Set the qt4 USE flag and re-install wpa_supplicant so you get wpa_gui. To do it quickly, enter USE='qt4' emerge -av1 wpa_supplicant. Depending on what you use as your desktop, that could be a lot of new packages. If you use KDE, you should be fairly OK. Once you have wpa_gui, then you have a bit more control over the networks to which you connect.

Cheers,

Pappy

----------

## PM17E5

Is there any other way? I'm still having issues with this. It really annoys me to always have it connect to an open network rather than the one I want to just because it's got a better signal. It doesn't seem to follow priority setting that well either. And I'd really like to try and avoid having to install the qt4 core just to use it  :Sad: .

----------

## pappy_mcfae

As far as I know, this is the only way to get wpa_gui. Having just gone through the "fun" of doing a machine setup via wireless, this is it. 

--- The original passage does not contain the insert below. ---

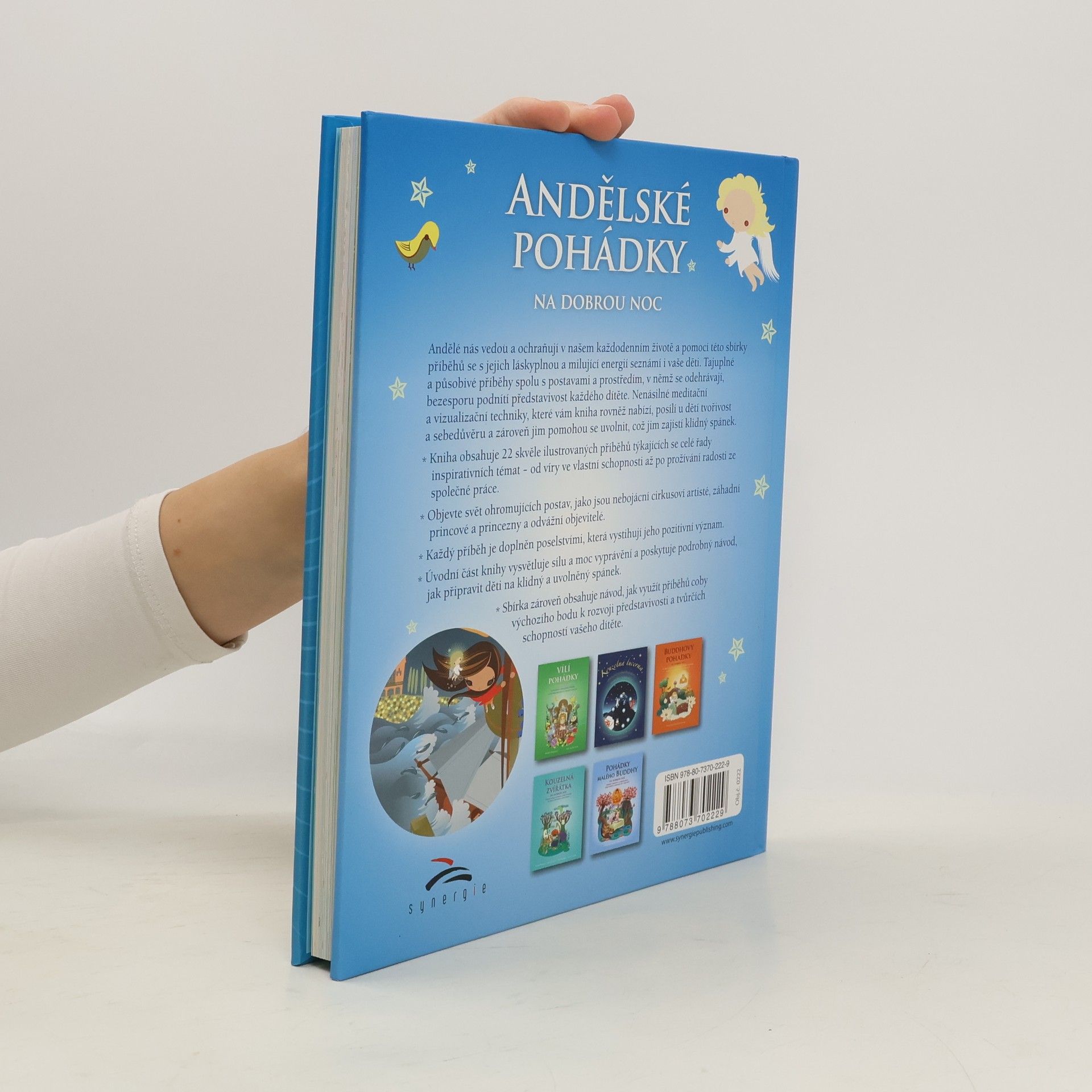 Andělé nás vedou a ochraňují v našem každodenním životě a pomocí této sbírky příběhů se s jejich láskyplnou a milující energií seznámí i vaše děti. Tajuplné a působivé příběhy spolu s postavami a prostředím, v němž se odehrávají, bezesporu podnítí představivost každého dítěte. Nenásilné meditační a vizualizační techniky, které vám kniha rovněž nabízí, posílí u dětí tvořivost a sebedůvěru a zároveň jim pomohou se uvolnit, což jim zajistí klidný spánek. Kniha obsahuje 22 skvěle ilustrovaných příběhů týkajících se celé řady inspirativních témat – od víry ve vlastní schopnosti až po prožívání radosti ze společné práce. Objevte svět pohádkových postav, jako jsou nebojácní cirkusoví artisté, záhadní princové a princezny a odvážní objevitelé. Každý příběh je doplněn poselstvími, která vystihují jeho pozitivní význam. Úvodní část knihy vysvětluje sílu a moc vyprávění a poskytuje podrobný návod, jak připravit děti na klidný a uvolněný spánek. Knížka zároveń obsahuje návod, jak využít příběhu k rozvoji představivosti a tvůrčích schopností vašeho dítěte.

If you want to go for manually editing /etc/wpa_supplicant/wpa_supplicant.conf, that might work, but it will also be a guaranteed pain. If you're really adventurous, you might want to play with wpa_cli, but be prepared to learn lots of new switches, and know that wpa_cli only works properly when connected to a wireless access point first.

Good luck.

Cheers,

Pappy

----------

## PM17E5

I guess I'll have to grab the dependencies, you're right wpa_cli and wpa_supplicant.conf aren't that fun to mess with. It's too bad it doesn't have an ncurces interface for it.

----------

## pappy_mcfae

Believe me, I understand. Were it not for wpa_gui, I wouldn't have qt4 on this machine. Since it still runs KDE-3.5, I only need qt3 for everything BUT wpa_gui. Then again, with five hundred gigs on a laptop, I'd say I'm not really losing a lot of space for everything else.

Cheers,

Pappy

----------

## PM17E5

Quick side question. I installed wpa_gui but for some reason it never saves my settings or writes anything to the config. My permissions seem to be alright though and I run it in root. Can anyone git some tips on how to maybe run it as a normal user to be on the safe side and how to make it write settings to the config file?

----------

## pappy_mcfae

I'll go you one better. Here's the modified version of my /etc/wpa_supplicant/wpa_supplicant.conf I use on this machine. Note that the passkeys have been changed in case someone near me wants to get into some of my private networks.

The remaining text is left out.